WHAT THE TASK ASKS ▸ Only one span of the material below is wanted. Output it exactly, from the line with "Кольцо бижутерия, покрытие" through the line with "客餐廳以綠色主牆為視覺焦點,取代舊有單一", without any pictures.

[RECORDS TO PROCESS — start]

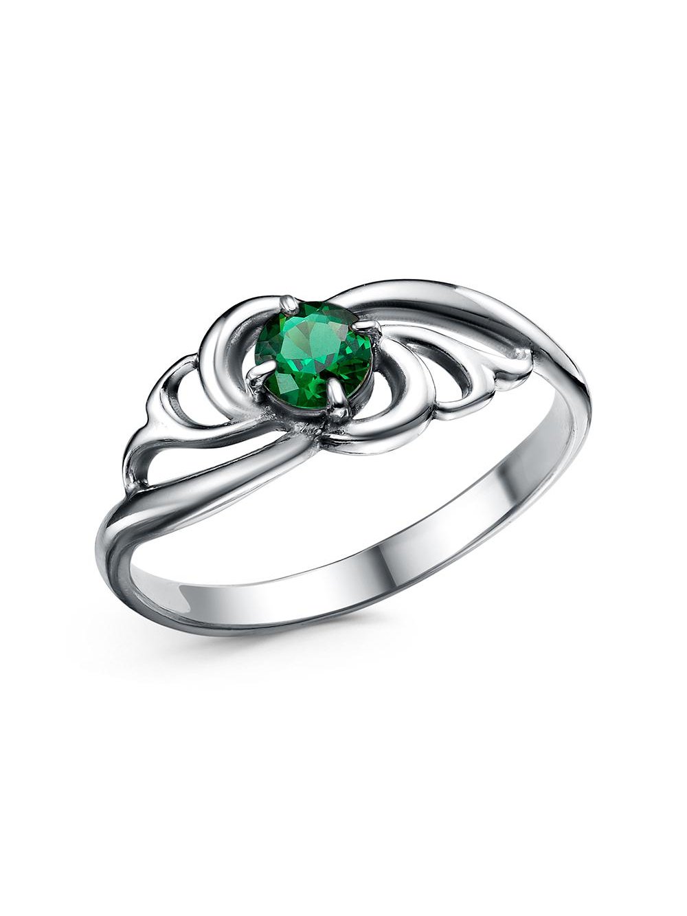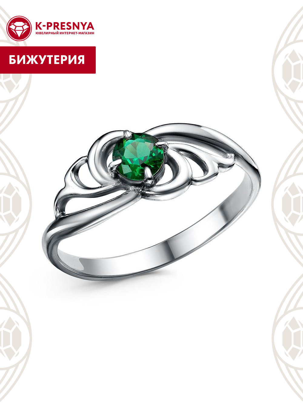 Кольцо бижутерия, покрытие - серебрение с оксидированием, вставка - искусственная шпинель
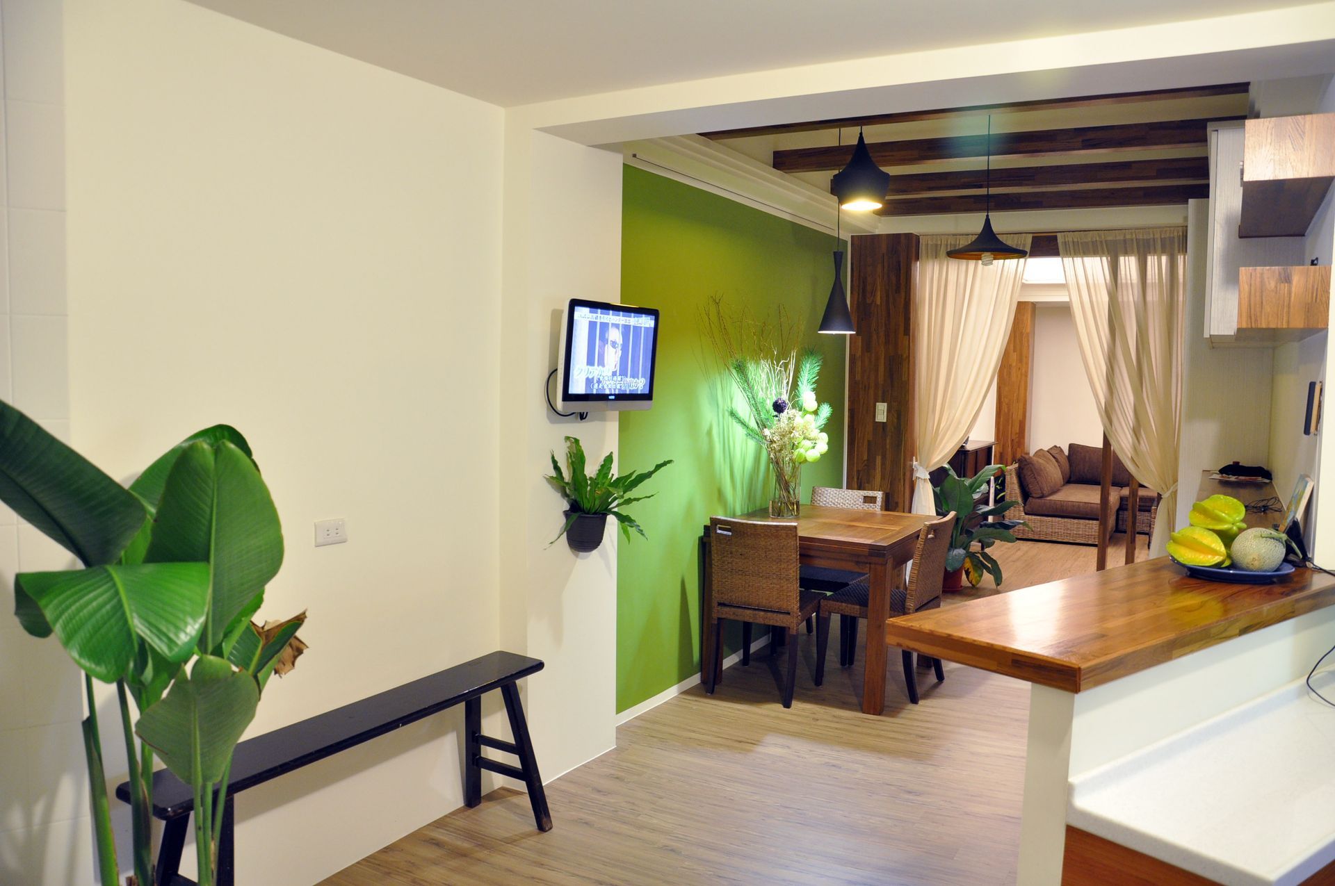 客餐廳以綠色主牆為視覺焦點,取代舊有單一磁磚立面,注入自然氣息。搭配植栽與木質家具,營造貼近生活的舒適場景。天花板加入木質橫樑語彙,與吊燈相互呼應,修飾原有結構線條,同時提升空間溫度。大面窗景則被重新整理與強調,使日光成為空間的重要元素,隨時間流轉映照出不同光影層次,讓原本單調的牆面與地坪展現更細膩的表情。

[RECORDS TO PROCESS — finish]
[RECORDS TO PROCESS — start]

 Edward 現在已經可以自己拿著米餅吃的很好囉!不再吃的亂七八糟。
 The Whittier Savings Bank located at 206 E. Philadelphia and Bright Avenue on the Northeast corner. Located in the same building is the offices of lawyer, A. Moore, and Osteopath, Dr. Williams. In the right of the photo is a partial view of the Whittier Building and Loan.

[RECORDS TO PROCESS — finish]

SOLUTION FOR THIS EXERCISE ▸
 Кольцо бижутерия, покрытие - серебрение с оксидированием, вставка - искусственная шпинель
 客餐廳以綠色主牆為視覺焦點,取代舊有單一磁磚立面,注入自然氣息。搭配植栽與木質家具,營造貼近生活的舒適場景。天花板加入木質橫樑語彙,與吊燈相互呼應,修飾原有結構線條,同時提升空間溫度。大面窗景則被重新整理與強調,使日光成為空間的重要元素,隨時間流轉映照出不同光影層次,讓原本單調的牆面與地坪展現更細膩的表情。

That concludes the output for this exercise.